- [DATA EXCERPTS]
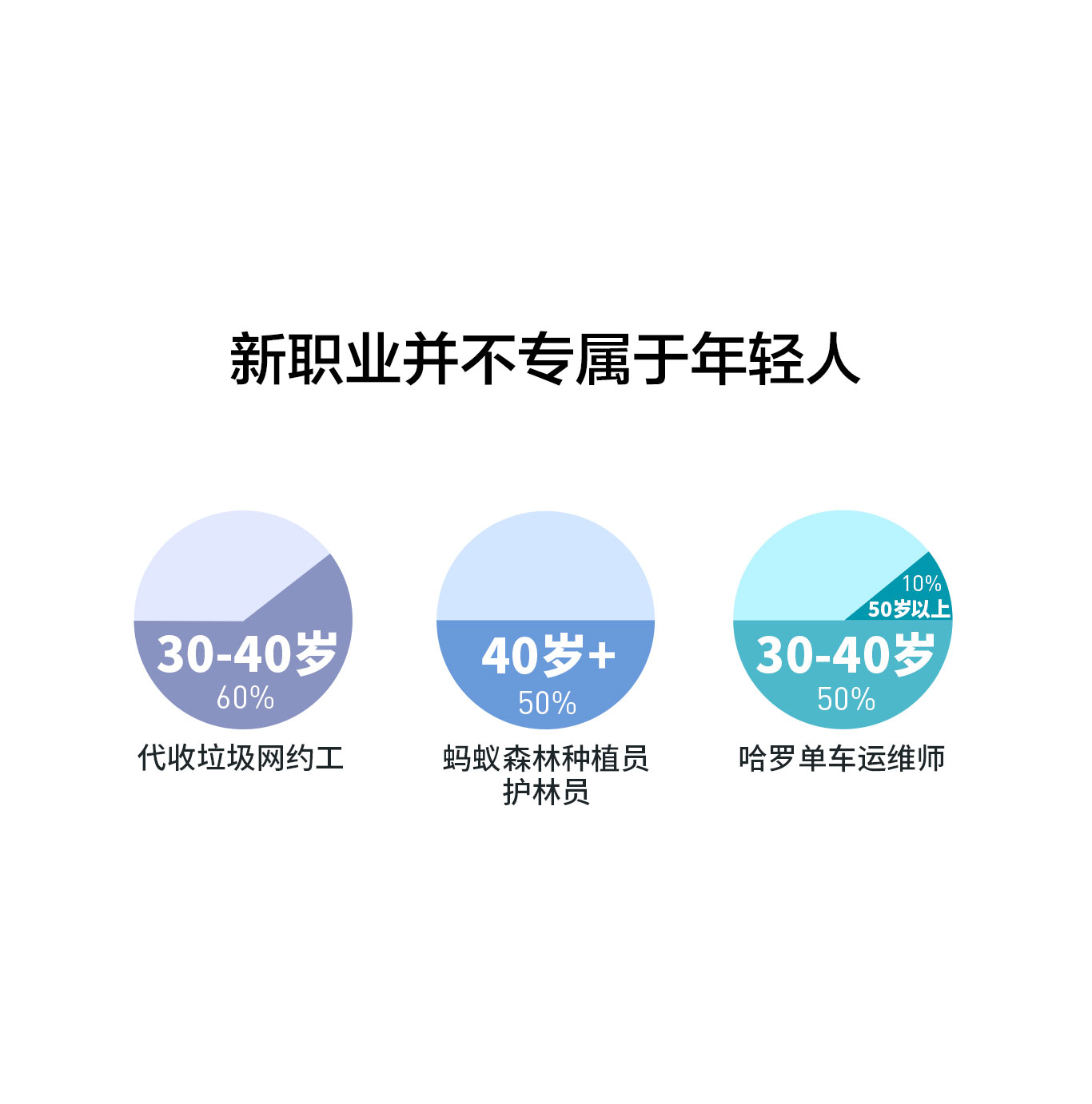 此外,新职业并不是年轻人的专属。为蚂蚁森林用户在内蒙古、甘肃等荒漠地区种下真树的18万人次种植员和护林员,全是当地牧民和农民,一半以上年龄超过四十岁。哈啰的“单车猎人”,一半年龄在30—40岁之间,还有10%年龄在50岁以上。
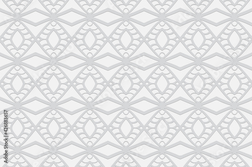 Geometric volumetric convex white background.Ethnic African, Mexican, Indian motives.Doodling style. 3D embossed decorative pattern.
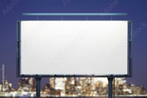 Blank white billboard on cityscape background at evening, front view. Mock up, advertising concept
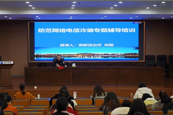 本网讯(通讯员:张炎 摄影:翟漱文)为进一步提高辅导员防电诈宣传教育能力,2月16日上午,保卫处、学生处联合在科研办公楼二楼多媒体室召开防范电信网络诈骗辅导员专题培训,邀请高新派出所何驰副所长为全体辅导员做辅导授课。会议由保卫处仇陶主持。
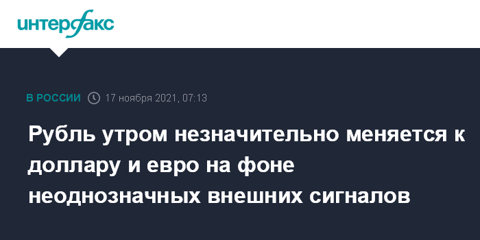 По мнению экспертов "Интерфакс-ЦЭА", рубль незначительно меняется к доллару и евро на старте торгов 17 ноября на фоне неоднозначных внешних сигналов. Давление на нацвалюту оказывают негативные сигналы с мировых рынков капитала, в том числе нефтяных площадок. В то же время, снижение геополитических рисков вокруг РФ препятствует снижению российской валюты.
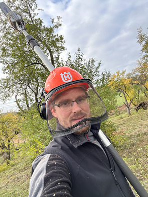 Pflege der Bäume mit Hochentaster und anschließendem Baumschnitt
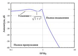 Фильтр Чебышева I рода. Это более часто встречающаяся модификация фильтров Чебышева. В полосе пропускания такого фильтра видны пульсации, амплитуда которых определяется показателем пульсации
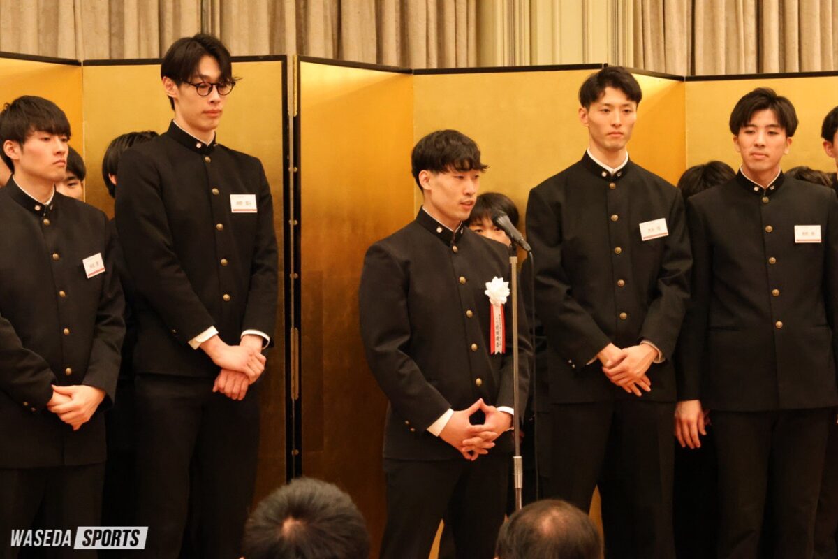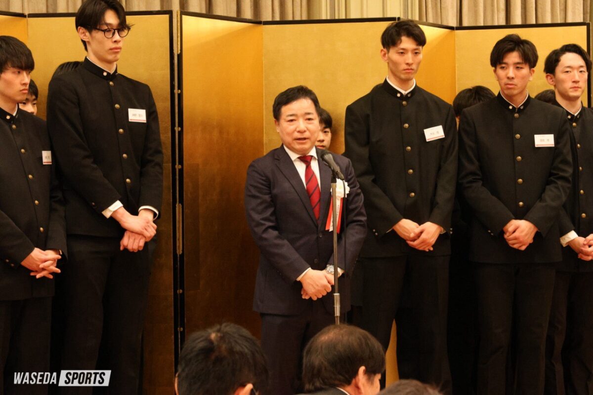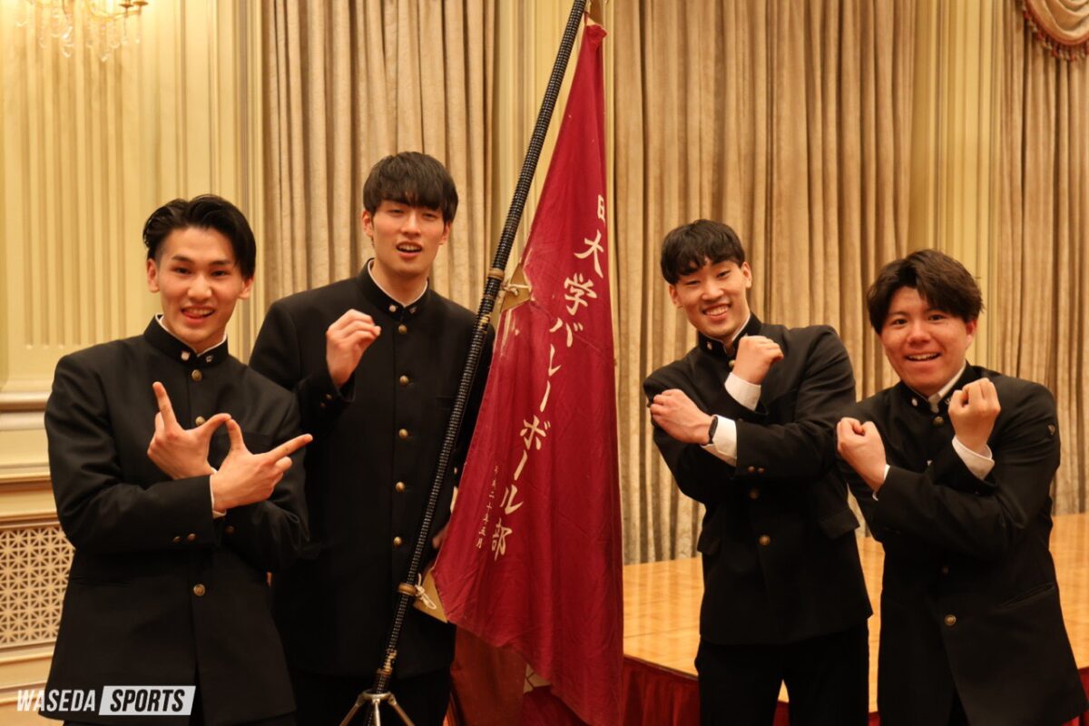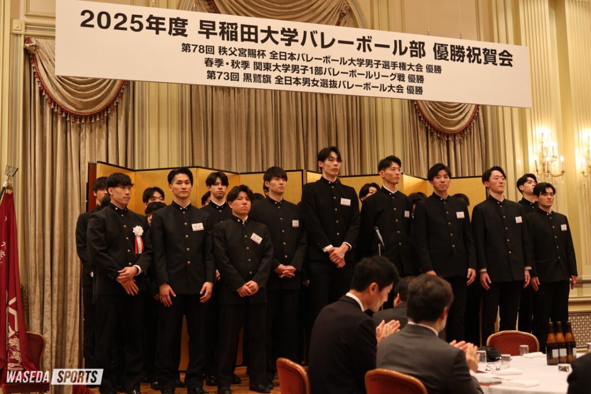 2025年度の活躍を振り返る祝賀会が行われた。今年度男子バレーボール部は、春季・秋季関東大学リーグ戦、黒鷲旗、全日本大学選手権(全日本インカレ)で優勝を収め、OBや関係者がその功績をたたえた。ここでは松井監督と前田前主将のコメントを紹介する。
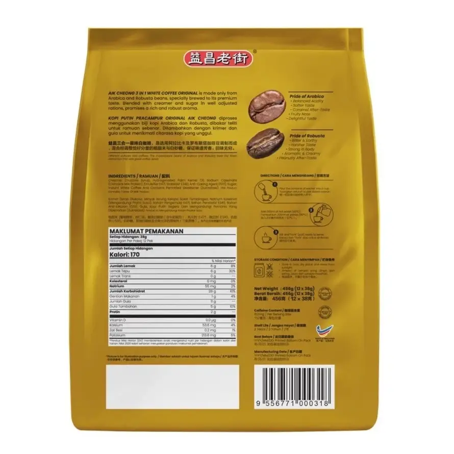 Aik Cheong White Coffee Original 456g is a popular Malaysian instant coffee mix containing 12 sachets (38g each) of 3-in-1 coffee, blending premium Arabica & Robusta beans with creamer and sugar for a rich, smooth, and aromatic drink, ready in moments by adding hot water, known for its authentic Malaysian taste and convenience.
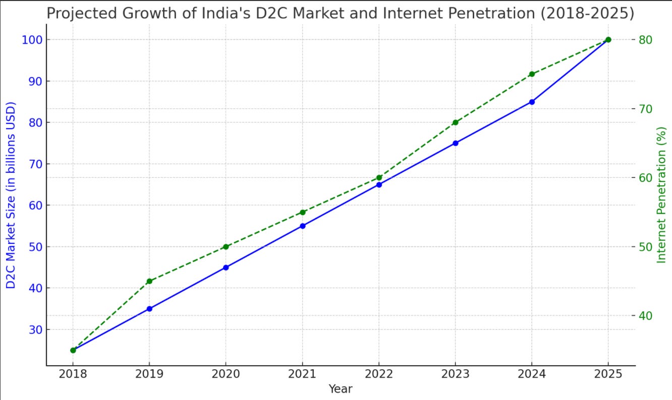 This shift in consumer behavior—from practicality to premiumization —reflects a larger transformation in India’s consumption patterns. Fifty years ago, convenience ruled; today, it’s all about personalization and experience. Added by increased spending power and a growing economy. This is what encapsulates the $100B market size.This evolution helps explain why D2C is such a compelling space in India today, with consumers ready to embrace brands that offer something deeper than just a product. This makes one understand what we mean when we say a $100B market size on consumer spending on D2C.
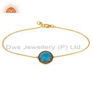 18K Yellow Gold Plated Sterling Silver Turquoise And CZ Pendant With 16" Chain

- [WORK REQUIRED] Take the lines from the start of the entries through the line containing "本网讯(通讯员:张炎 摄影:翟漱文)为进" and set them down exactly, leaving out every picture.

- [SOLVED EXERCISE]
 此外,新职业并不是年轻人的专属。为蚂蚁森林用户在内蒙古、甘肃等荒漠地区种下真树的18万人次种植员和护林员,全是当地牧民和农民,一半以上年龄超过四十岁。哈啰的“单车猎人”,一半年龄在30—40岁之间,还有10%年龄在50岁以上。
 Geometric volumetric convex white background.Ethnic African, Mexican, Indian motives.Doodling style. 3D embossed decorative pattern.
 Blank white billboard on cityscape background at evening, front view. Mock up, advertising concept
 本网讯(通讯员:张炎 摄影:翟漱文)为进一步提高辅导员防电诈宣传教育能力,2月16日上午,保卫处、学生处联合在科研办公楼二楼多媒体室召开防范电信网络诈骗辅导员专题培训,邀请高新派出所何驰副所长为全体辅导员做辅导授课。会议由保卫处仇陶主持。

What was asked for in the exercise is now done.